You are welcome to publish it here if you like, or just read it.

"Its back against the wall, its balls to the wall, there is nothing, nothing left, now, no alternative, no plan B, no pivot, for it to do, but finally, finally, reluctantly, cornered at last, turn, turn and fight, fight its way out of what it has built around it, fight for its life, fight for survival, like a wild animal in the jungle at night, surrounded by other predators, none of which can truly, or for very long, ever, ever, be trusted, each, emaciated, old, almost toothless, mangy, half starved, obligate carnivores, preying on ruminants, other game, and now, increasingly, as market and attacker capitalist wild game profit margins finally collapse of their own shrinking weight on each other, each more hungry, half famished, almost as well armed, way more numerous, and fully as dangerous, as itself."

All the best

Bozon said...

Professor:
Re Enemies, enemies everywhere,

Why not share this comparative essay, first day of second impeachment hearings?

Randall Collins, The Sociological Eye
THURSDAY, JANUARY 28, 2021
ASSAULT ON THE CAPITOL: 2021, 1917, 1792

Just a thought,
All the best

Bozon said...

Professor

Having read Collins' account, and his "lessons learned", many other good questions remain.
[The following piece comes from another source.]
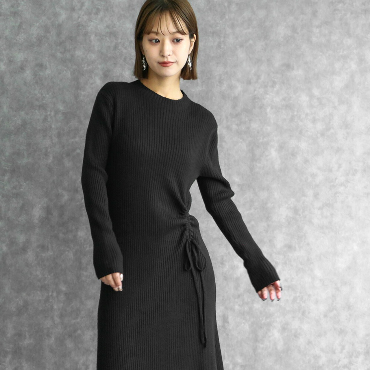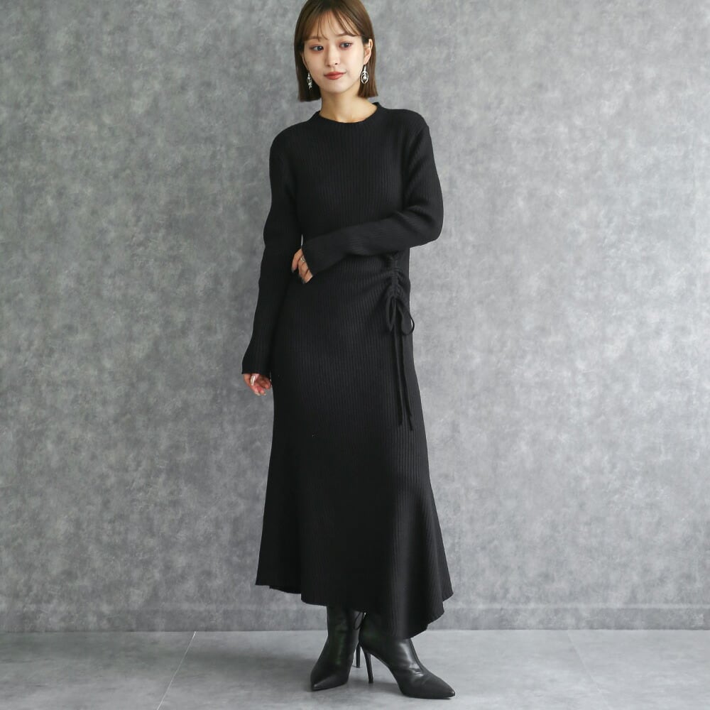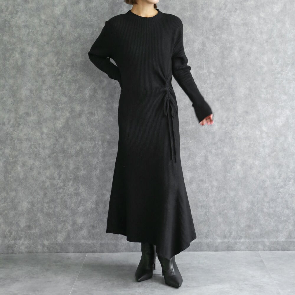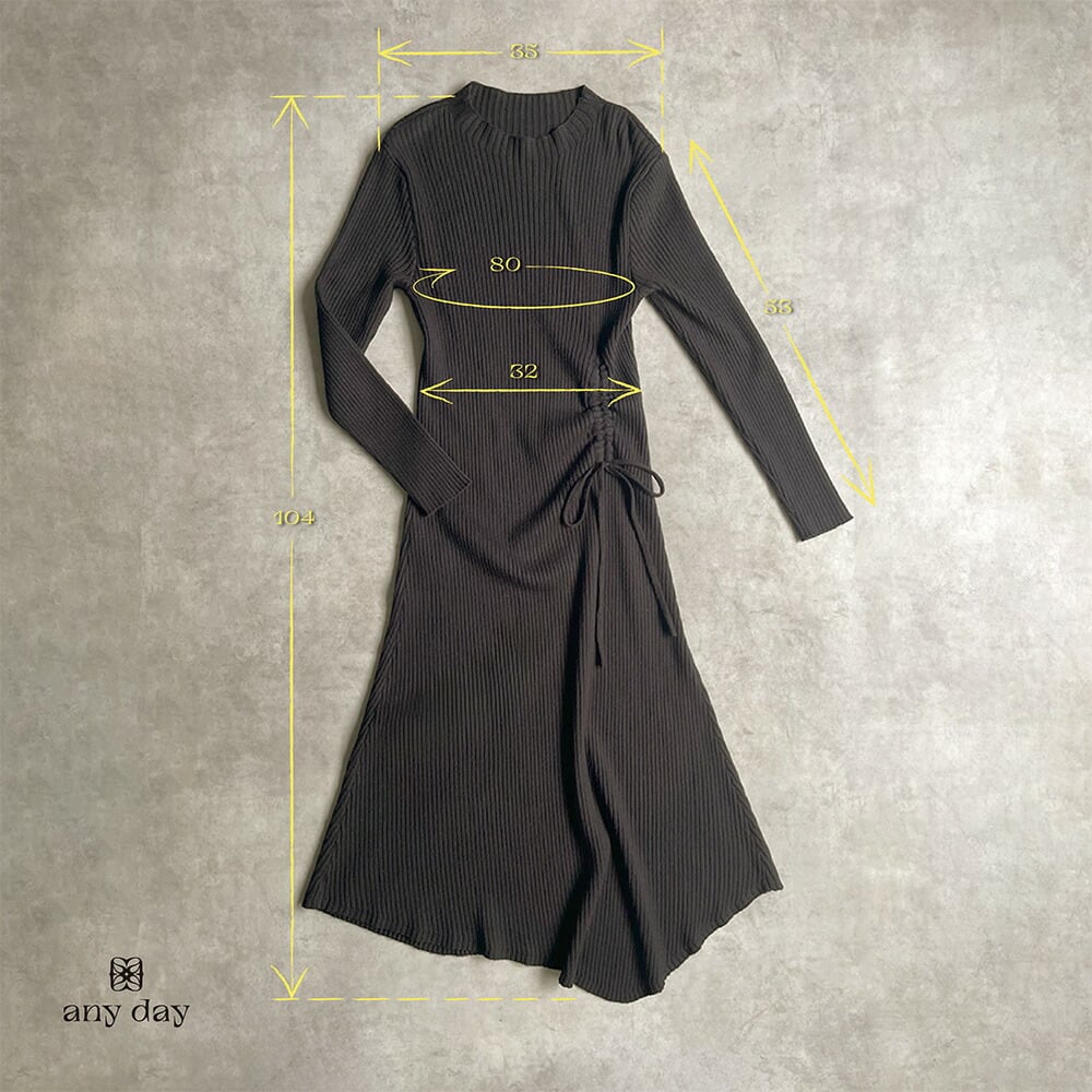 330081 any day エニーデイニットワンピース ロング ウエスト タイト 長袖 レディース 秋冬 黒ワンピ ワンピース タイトワンピース ドロスト 無地 伸縮性 着?せ きれいめ 大人 カジュアル クール モード 送料無料

One huge one or series of ones, I see, given your discussions, his, and yours of the growth of BLM black violent activism, and large scale white support for it, is why, in a city filled with Democratic and restive blacks and democratic activist whites anxious for the change of power to occur, why did we not see violent confrontations between these leftist forces who have shown themselves, over and over again now, willing to disrupt whatever they disagree with?

Why did these agitated and violent Democrats not defend their winning side against the Rightist mob, as their leaders tried to take power on their behalf?

If they trusted their government to defend their interests, it was misplaced.

All the best

Bozon said...

Professor
One conclusion which it is tempting to reach, is that Democrats, perfectly willing to protest against, and tear down, any establishment thing they disagree with, are nevertheless unwilling to rally to defend against violent protest attack any establishment thing they ostensibly believe in.

Further, this may explain in part Trump's rhetoric on January 6, reasonably but falsely believing, that left Democratic demonstrators would meet his protesters head to head outside the Capitol, and was merely rousing his side in that demonstration confrontation having no intention of them breaching security of the building itself.

This is speculation.I am not trying to exonerate Trump, but rather to account for what otherwise seems unaccountable.